As discussed, there are many ways of gaining empathy and understanding. In
the same way there are many ways of forming your own personal style.
Watching someone else Dom/me and how a submissive reacts can give a
similar understanding to actually being that submissive. Slowly taking
the time to build experience, watching what works for you and what does
not, refining your style, works too. The key here being a level of honesty,
self awareness and introspection that can help you develop.
Once again, submitting before you Dom/me is one good option, but by no
means the only one.
Earning The Title
The exposure to deeper aspects of the scene is always important. All
Dom/mes make mistakes and learning to minimise them in any way possible
is certainly a good thing. This becomes even more true when you introduce
the element of making sure there is at least an awareness of deeper aspects
(you can lead a horse to water but you can't make it drink).

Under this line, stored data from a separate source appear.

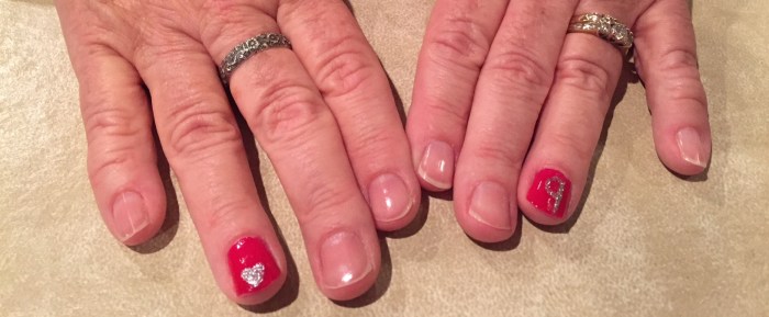 And my better half had done things up right during her break from class on a Friday, going to the folks who do nails as part of their learning plan to have a pair of customized fingertips to flash for our big celebration.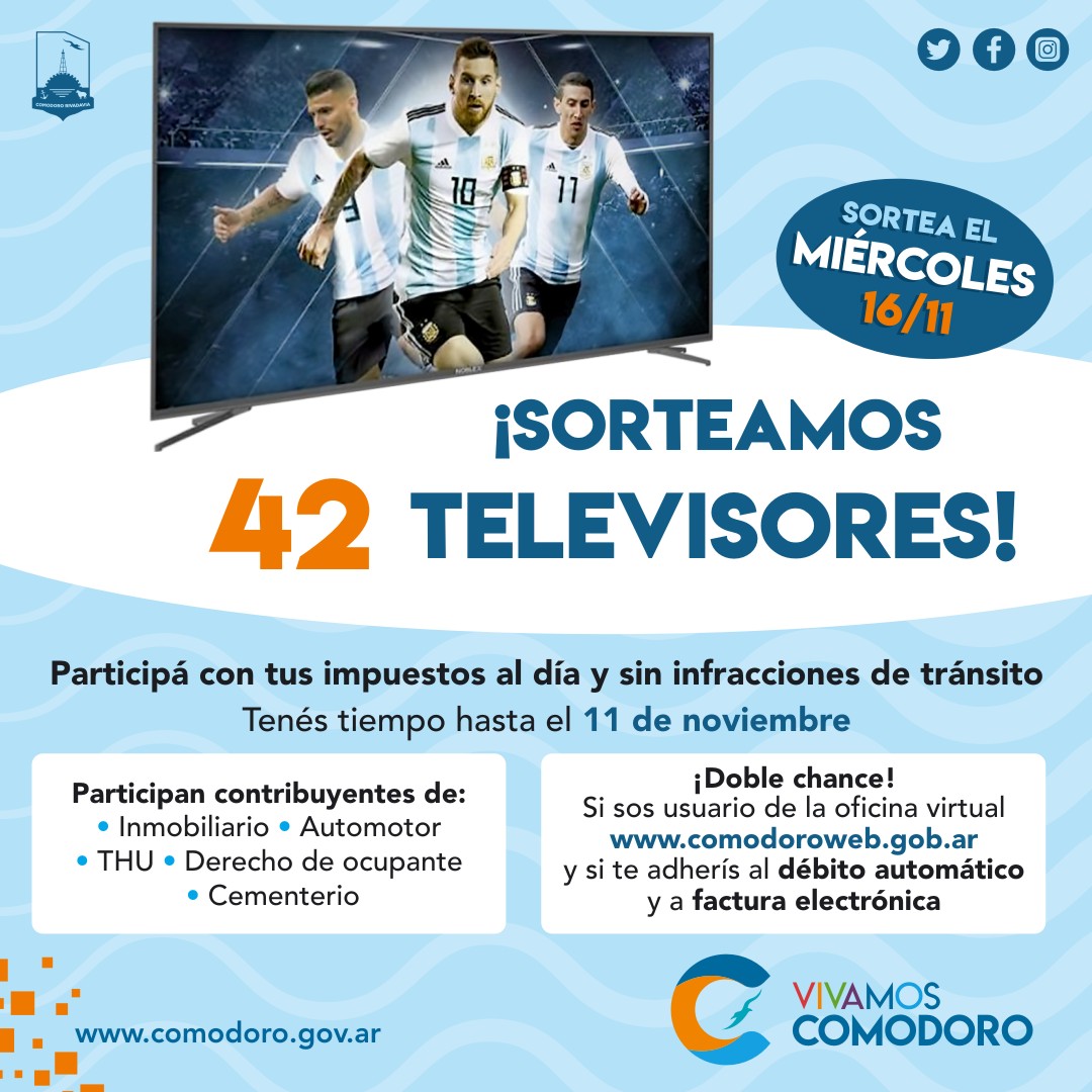 Asimismo, para efectuar estas consultas se encuentra disponible la Oficina Virtual en www.comodoroweb.gob.ar, donde además se puede gestionar la adhesión al débito automático y a la boleta electrónica, duplicando de esta manera las posibilidades de ganar uno de los 42 televisores. Cabe recordar que, abonando a través del débito automático, se obtiene un descuento del 10% en los respectivos impuestos.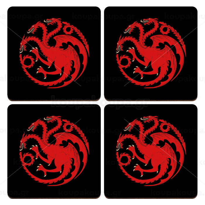 GOT House Targaryen, Fire Blood, ΣΕΤ x4 Σουβέρ ξύλινα τετράγωνα plywood (9cm)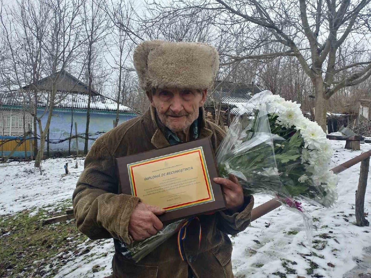 Totodată, din partea Ambasadei României i-au fost oferite veteranului român de război o diplomă de recunoștință, un buchet de flori și un coș cu produse.
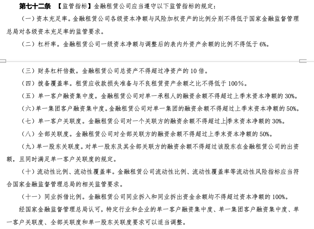 在监管层面,《办法》新增了杠杆率及财务杠杆倍数,租赁应收款拨备率、流动性比例、流动性覆盖率等指标,同时,还对拨备覆盖率和同业拆借比例监管指标进行了优化。
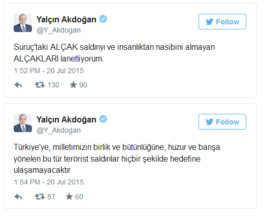 Başbakan Yardımcısı Yalçın Akdoğan Twitter'dan Şanlıufra Suruç'taki patlamaya ilişkin değerlendirmelerde bulundu. Akdoğan, “Suruç'taki alçak saldırıyı ve insanlıktan nasibini almayan alçakları lanetliyorum” ifadelerini kullandı.

Once again, these aspects are important, very much so in terms of making
sure that submissives do not get hurt by inexperienced Dom/mes. It is also
a case, once again, that while going through the experience of submission
first is
a
good way of learning these things it is not the only way.
Conclusion
Learning to submit before you Dom/me is certainly a good way to learn a
lot of important aspects of Domination as well as going some way to
ensure a degree of sanity within the scene. In every case though, it
turns out that it is not the
only
way.
When you consider that some people simply find submitting uncomfortable
or something they are just unable to do do, to attempt to force it becomes
negative. A very good method, learning to submit before you Dom/me is just
that - a very good method, but only when used in a setting that suits it.
Those who find themselves resenting trying to or having to submit are not
going to benefit from it.
So, if it works for you, great, you have a wonderful opening in to the
scene that can offer a lot. If it does not work for you, there are
other ways and you should not feel as though you have in any way
failed - there are other, sometimes harder admittedly, ways of learning
and experiencing the same things. As with anything in the scene, what
works for you is perfectly valid for you - no one has the right to
tell you any differently, so long as you stick the three words that
sum it all up - Safe, Sane and Consensual.